→ **Brief**:
Your task is to restate word for word the lines in the material below, from the one with "安装之后,在计算机上运行Synology Drive Client。输入Synology" up to and including the one with "Il cartellone natalizio". Do not carry over the pictures.

[[ Data to examine, beginning ]]

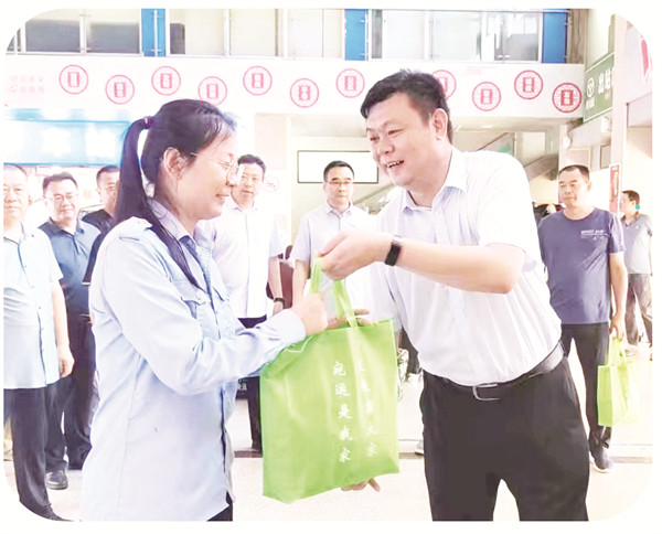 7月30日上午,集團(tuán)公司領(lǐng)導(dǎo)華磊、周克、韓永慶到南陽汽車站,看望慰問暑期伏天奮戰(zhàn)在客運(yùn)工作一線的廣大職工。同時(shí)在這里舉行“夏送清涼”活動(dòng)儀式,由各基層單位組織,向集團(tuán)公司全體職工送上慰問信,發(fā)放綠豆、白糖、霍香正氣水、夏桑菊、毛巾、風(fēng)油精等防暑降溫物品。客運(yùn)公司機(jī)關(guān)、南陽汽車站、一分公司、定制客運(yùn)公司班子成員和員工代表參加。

[[ Data to examine, end ]]
[[ Data to examine, beginning ]]

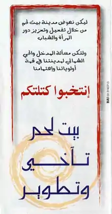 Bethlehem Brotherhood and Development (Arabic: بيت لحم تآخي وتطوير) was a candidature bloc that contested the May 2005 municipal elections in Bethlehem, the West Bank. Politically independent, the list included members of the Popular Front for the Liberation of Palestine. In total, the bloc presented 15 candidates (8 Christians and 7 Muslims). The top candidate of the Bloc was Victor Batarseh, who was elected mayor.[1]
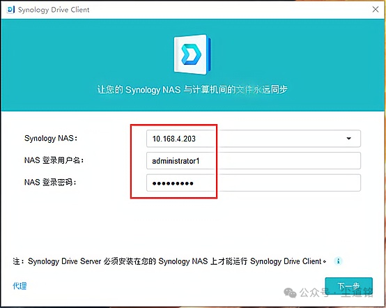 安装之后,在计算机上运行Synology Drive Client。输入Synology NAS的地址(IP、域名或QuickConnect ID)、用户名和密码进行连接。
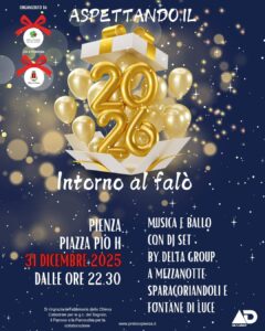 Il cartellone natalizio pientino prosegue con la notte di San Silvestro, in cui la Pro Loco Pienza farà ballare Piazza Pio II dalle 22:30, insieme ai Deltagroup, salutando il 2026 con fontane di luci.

[[ Data to examine, end ]]
[[ Data to examine, beginning ]]

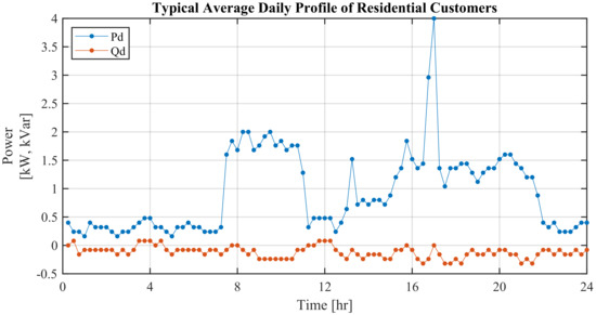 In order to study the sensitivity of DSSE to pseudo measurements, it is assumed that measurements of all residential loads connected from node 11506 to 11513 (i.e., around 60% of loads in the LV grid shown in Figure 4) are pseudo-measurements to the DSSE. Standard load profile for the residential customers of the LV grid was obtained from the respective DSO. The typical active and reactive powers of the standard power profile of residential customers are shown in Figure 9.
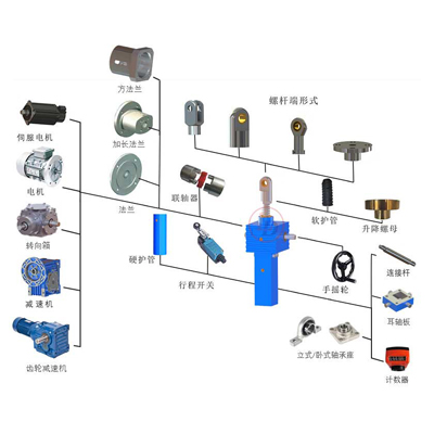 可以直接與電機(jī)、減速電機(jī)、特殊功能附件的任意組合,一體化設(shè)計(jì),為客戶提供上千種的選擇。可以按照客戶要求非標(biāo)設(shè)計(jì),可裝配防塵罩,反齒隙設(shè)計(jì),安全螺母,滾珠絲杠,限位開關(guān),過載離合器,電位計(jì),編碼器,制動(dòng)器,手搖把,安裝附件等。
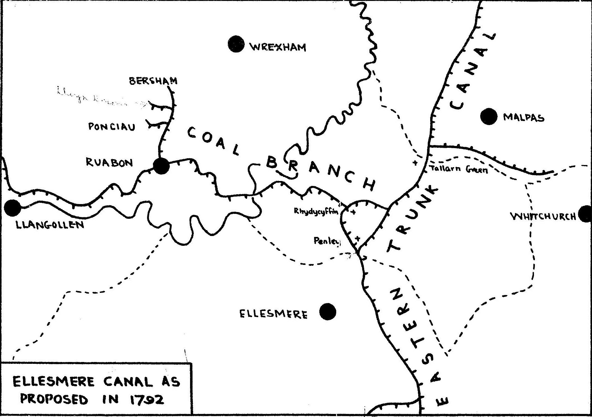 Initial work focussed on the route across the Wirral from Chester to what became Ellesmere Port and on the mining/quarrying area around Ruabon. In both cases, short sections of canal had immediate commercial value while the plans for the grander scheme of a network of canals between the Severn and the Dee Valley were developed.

[[ Data to examine, end ]]

→ **Completed exercise**:
 安装之后,在计算机上运行Synology Drive Client。输入Synology NAS的地址(IP、域名或QuickConnect ID)、用户名和密码进行连接。
 Il cartellone natalizio pientino prosegue con la notte di San Silvestro, in cui la Pro Loco Pienza farà ballare Piazza Pio II dalle 22:30, insieme ai Deltagroup, salutando il 2026 con fontane di luci.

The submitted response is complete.